* The problem *
Word for word, restate the lines of the data below between those holding "Sandal Pria |" and "Philip Watch Tempo", inclusive; pictures do not belong in the copy.

The data Start Marker

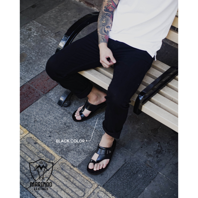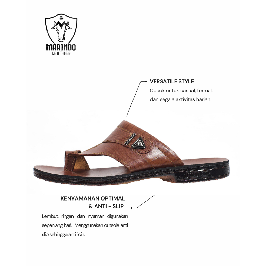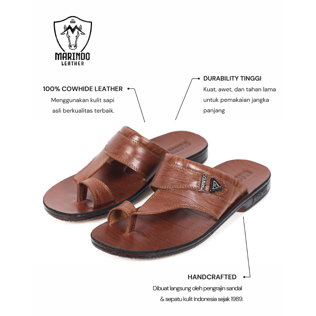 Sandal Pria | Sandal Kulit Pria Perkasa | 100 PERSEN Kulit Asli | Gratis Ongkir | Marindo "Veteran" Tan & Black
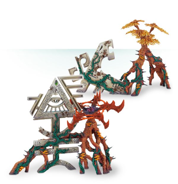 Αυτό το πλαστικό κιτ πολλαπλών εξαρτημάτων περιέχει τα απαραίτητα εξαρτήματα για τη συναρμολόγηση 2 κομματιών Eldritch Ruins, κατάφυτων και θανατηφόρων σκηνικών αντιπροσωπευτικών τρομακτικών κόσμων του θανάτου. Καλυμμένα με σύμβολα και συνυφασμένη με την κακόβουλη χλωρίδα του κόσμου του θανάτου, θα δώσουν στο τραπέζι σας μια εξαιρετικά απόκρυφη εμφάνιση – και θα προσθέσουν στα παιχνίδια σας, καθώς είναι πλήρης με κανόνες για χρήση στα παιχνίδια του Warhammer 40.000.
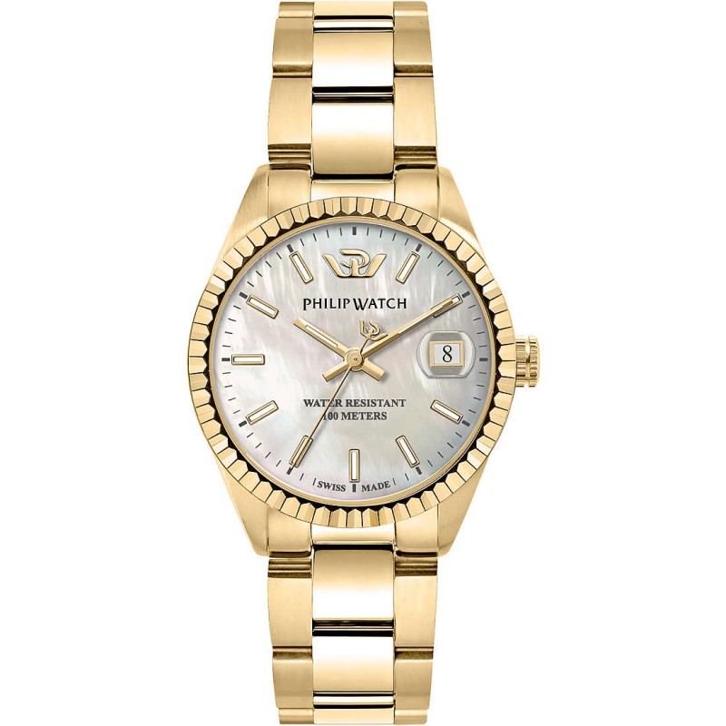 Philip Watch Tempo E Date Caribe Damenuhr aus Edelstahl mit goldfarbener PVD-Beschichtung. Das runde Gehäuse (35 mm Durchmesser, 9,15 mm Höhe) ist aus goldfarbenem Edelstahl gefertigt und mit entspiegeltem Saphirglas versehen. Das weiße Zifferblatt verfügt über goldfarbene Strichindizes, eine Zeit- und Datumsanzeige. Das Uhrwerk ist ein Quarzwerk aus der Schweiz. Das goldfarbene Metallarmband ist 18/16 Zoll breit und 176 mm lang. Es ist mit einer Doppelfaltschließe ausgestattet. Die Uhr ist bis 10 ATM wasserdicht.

The data End Marker
The data Start Marker

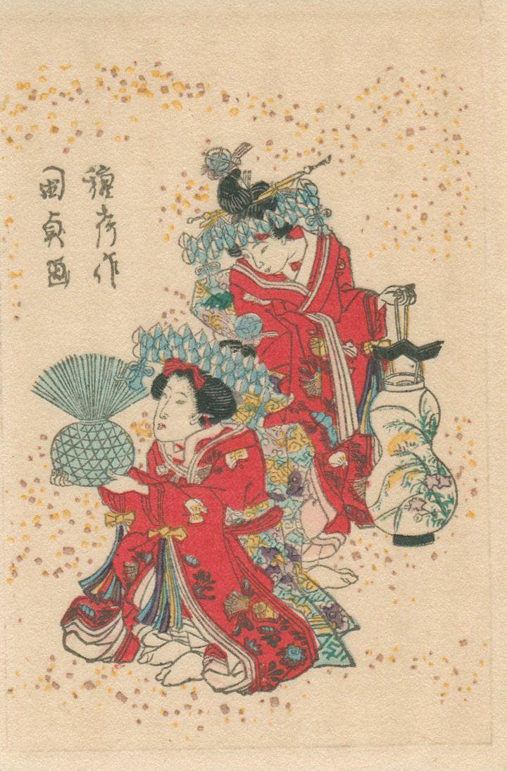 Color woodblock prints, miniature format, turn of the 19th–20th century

The data End Marker
The data Start Marker

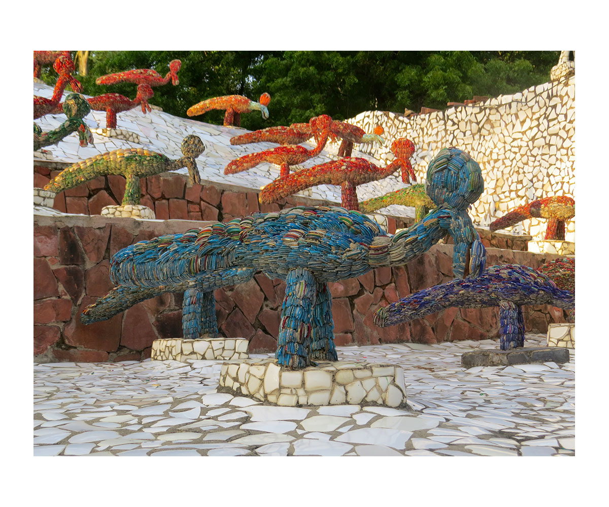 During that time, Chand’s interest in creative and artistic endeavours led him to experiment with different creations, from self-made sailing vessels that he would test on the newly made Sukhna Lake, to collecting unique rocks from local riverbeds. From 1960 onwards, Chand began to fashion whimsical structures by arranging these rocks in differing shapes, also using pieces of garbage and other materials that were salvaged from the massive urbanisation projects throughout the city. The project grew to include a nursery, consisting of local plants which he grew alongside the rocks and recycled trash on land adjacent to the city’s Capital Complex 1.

The data End Marker

* Task solution *
 Sandal Pria | Sandal Kulit Pria Perkasa | 100 PERSEN Kulit Asli | Gratis Ongkir | Marindo "Veteran" Tan & Black
 Αυτό το πλαστικό κιτ πολλαπλών εξαρτημάτων περιέχει τα απαραίτητα εξαρτήματα για τη συναρμολόγηση 2 κομματιών Eldritch Ruins, κατάφυτων και θανατηφόρων σκηνικών αντιπροσωπευτικών τρομακτικών κόσμων του θανάτου. Καλυμμένα με σύμβολα και συνυφασμένη με την κακόβουλη χλωρίδα του κόσμου του θανάτου, θα δώσουν στο τραπέζι σας μια εξαιρετικά απόκρυφη εμφάνιση – και θα προσθέσουν στα παιχνίδια σας, καθώς είναι πλήρης με κανόνες για χρήση στα παιχνίδια του Warhammer 40.000.
 Philip Watch Tempo E Date Caribe Damenuhr aus Edelstahl mit goldfarbener PVD-Beschichtung. Das runde Gehäuse (35 mm Durchmesser, 9,15 mm Höhe) ist aus goldfarbenem Edelstahl gefertigt und mit entspiegeltem Saphirglas versehen. Das weiße Zifferblatt verfügt über goldfarbene Strichindizes, eine Zeit- und Datumsanzeige. Das Uhrwerk ist ein Quarzwerk aus der Schweiz. Das goldfarbene Metallarmband ist 18/16 Zoll breit und 176 mm lang. Es ist mit einer Doppelfaltschließe ausgestattet. Die Uhr ist bis 10 ATM wasserdicht.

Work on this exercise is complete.